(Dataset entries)

- - - - - - -

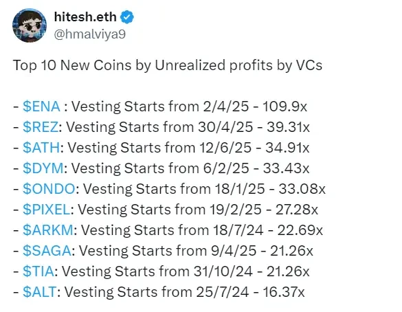 此前,数据分析平台 DYOR 的联创 hitesh.eth 于 X 上贴出了一组数据,盘点了当前市面上较为典型的十大“VC 代币”。
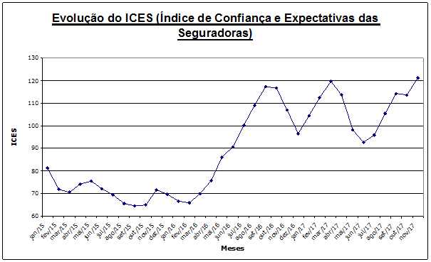 Em novembro, pelo quarto mês seguido, as seguradoras brasileiras continuaram otimistas (ICES acima de 100 pontos).
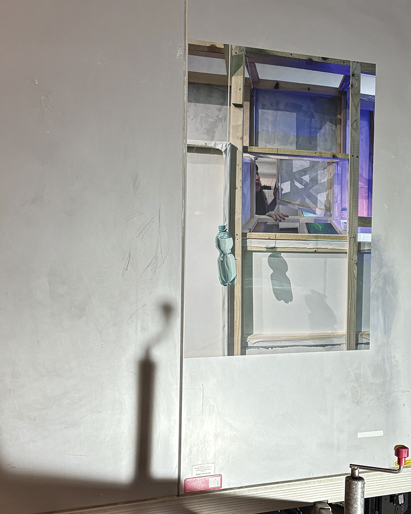 Im Saal des Kunsthauses entsteht teilweise live vor Publikum eine raumgreifende Installation, die konstant im Wandel zu sein scheint. Das Zentrum bildet ein küchenähnlicher Raum, der als Sinnbild des zentralen Ortes jeder Behausung für gemeinsamen Speisen, Sprechen und Austausch steht. Die Installation ist mit verschiedenen Funktionen versehen und wirkt gleichzeitig dysfunktional, fragmentiert. Wände sind nicht fest verankert und scheinbar massive Elemente sind leicht und beweglich. Anknüpfend an den Gedanken der Heimatstube präsentiert sich ein surrealistisches Setting zwischen Diorama, Spielfeld und Filmset. Eine Kulisse, die zum Verweilen einlädt, ein Zufluchtsort, ein geschützter Raum. Nur wer schützt sich hier vor was oder vor wem? Ist man einmal drin, so darf man gerne länger bleiben, manchmal gibt es Kuchen, Suppe oder Gesprächspartner*innen, manchmal gibt es nichts. Die Szenerie scheint verlassen und gleichzeitig in Erwartung der nächsten Veränderung.
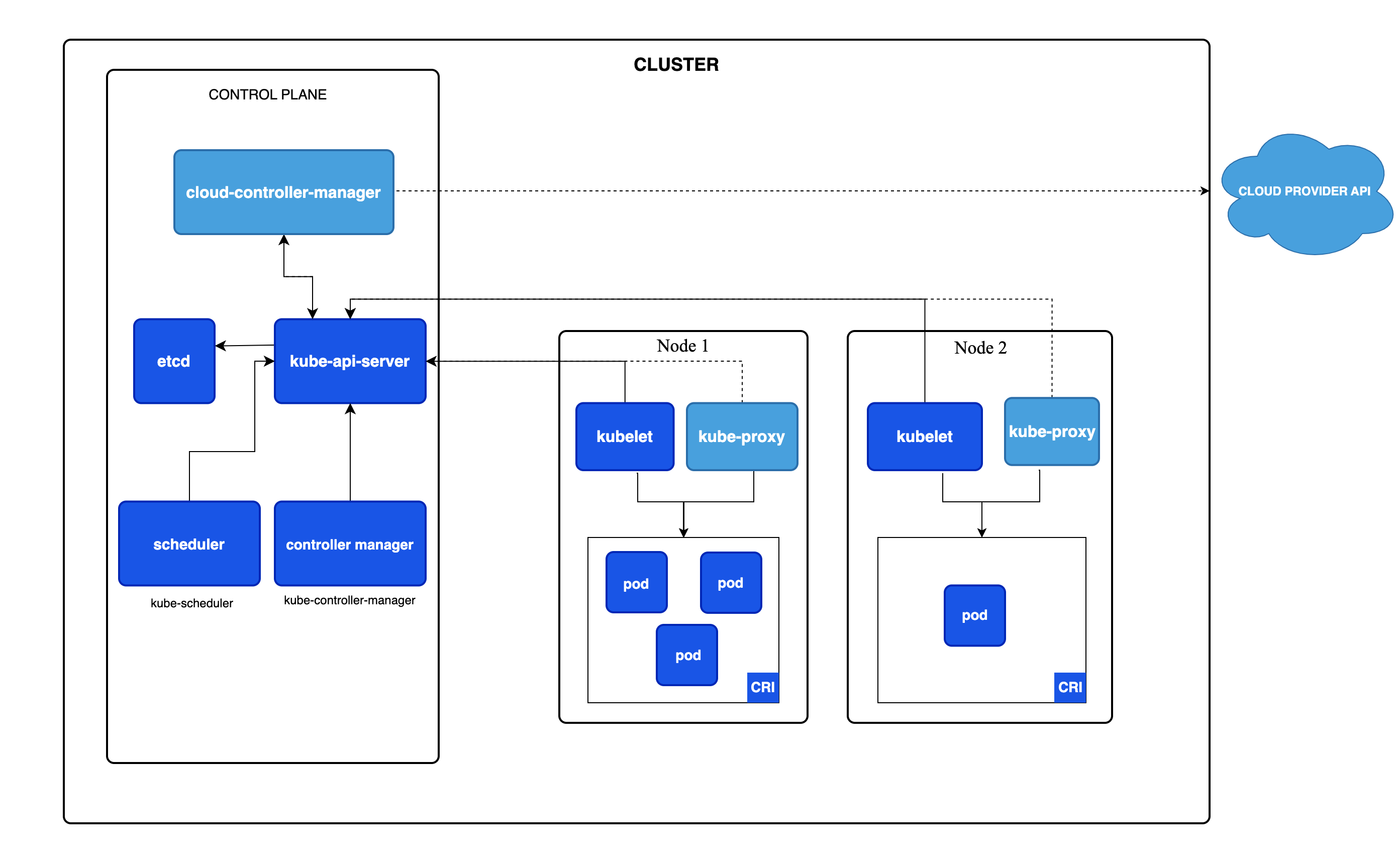 - Kubernetes (K8s): Originally developed by Google and now maintained by the Cloud Native Computing Foundation (CNCF), Kubernetes is the industry-standard orchestration platform. It manages containerized applications at scale with features like automatic scaling, self-healing, rolling updates, and declarative configuration.
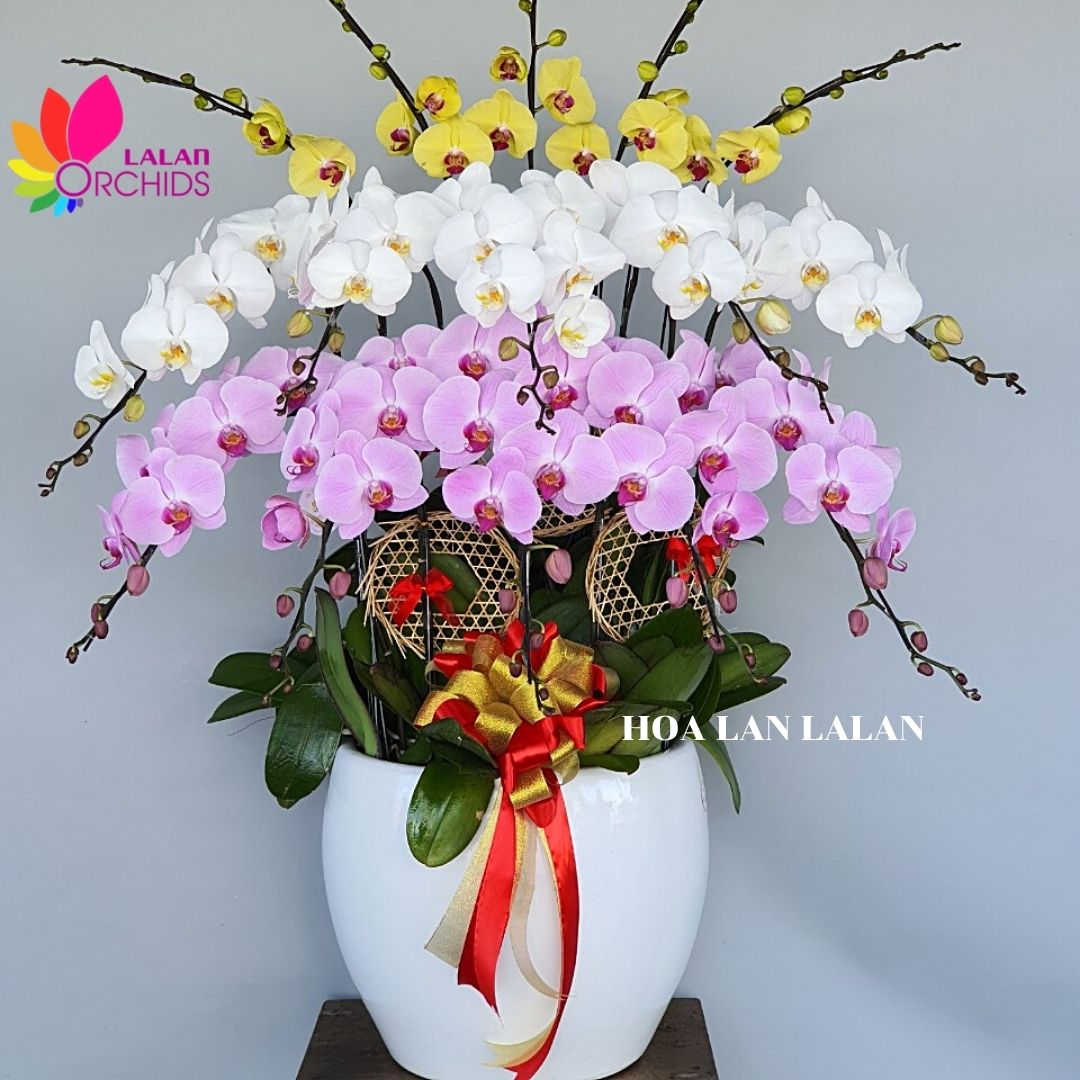 Chậu lan hồ điệp kỷ niệm ngày cưới ghép từ 15 cành lan hồ điệp hồng, trắng, vàng.
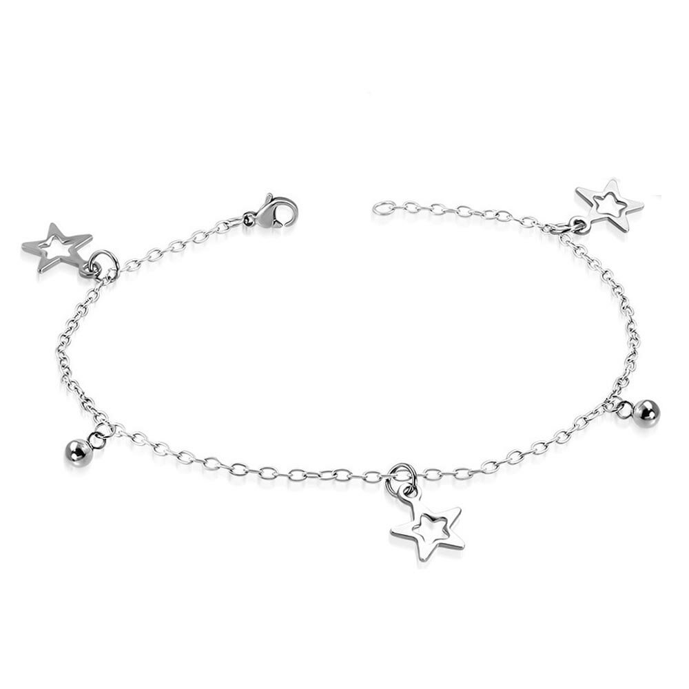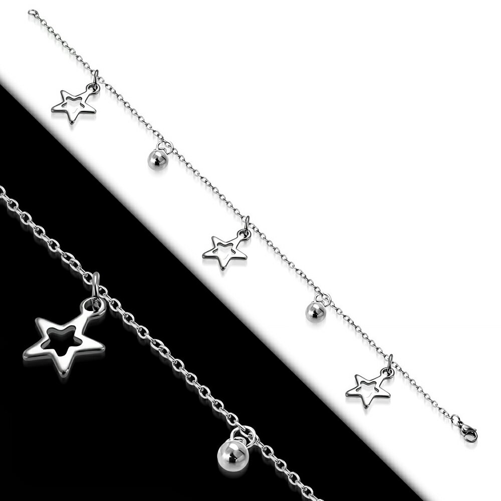 星とボールのチャームが揺れるシンプル綺麗なサージカルステンレス316L製のアンクレット。

- - - - - - -

[WORK ORDER]
From the line containing "Im Saal des" through the last line of the records, both included, output those lines exactly and nothing else; skip the pictures.

[RESULT BELOW]
 Im Saal des Kunsthauses entsteht teilweise live vor Publikum eine raumgreifende Installation, die konstant im Wandel zu sein scheint. Das Zentrum bildet ein küchenähnlicher Raum, der als Sinnbild des zentralen Ortes jeder Behausung für gemeinsamen Speisen, Sprechen und Austausch steht. Die Installation ist mit verschiedenen Funktionen versehen und wirkt gleichzeitig dysfunktional, fragmentiert. Wände sind nicht fest verankert und scheinbar massive Elemente sind leicht und beweglich. Anknüpfend an den Gedanken der Heimatstube präsentiert sich ein surrealistisches Setting zwischen Diorama, Spielfeld und Filmset. Eine Kulisse, die zum Verweilen einlädt, ein Zufluchtsort, ein geschützter Raum. Nur wer schützt sich hier vor was oder vor wem? Ist man einmal drin, so darf man gerne länger bleiben, manchmal gibt es Kuchen, Suppe oder Gesprächspartner*innen, manchmal gibt es nichts. Die Szenerie scheint verlassen und gleichzeitig in Erwartung der nächsten Veränderung.
 - Kubernetes (K8s): Originally developed by Google and now maintained by the Cloud Native Computing Foundation (CNCF), Kubernetes is the industry-standard orchestration platform. It manages containerized applications at scale with features like automatic scaling, self-healing, rolling updates, and declarative configuration.
 Chậu lan hồ điệp kỷ niệm ngày cưới ghép từ 15 cành lan hồ điệp hồng, trắng, vàng.
 星とボールのチャームが揺れるシンプル綺麗なサージカルステンレス316L製のアンクレット。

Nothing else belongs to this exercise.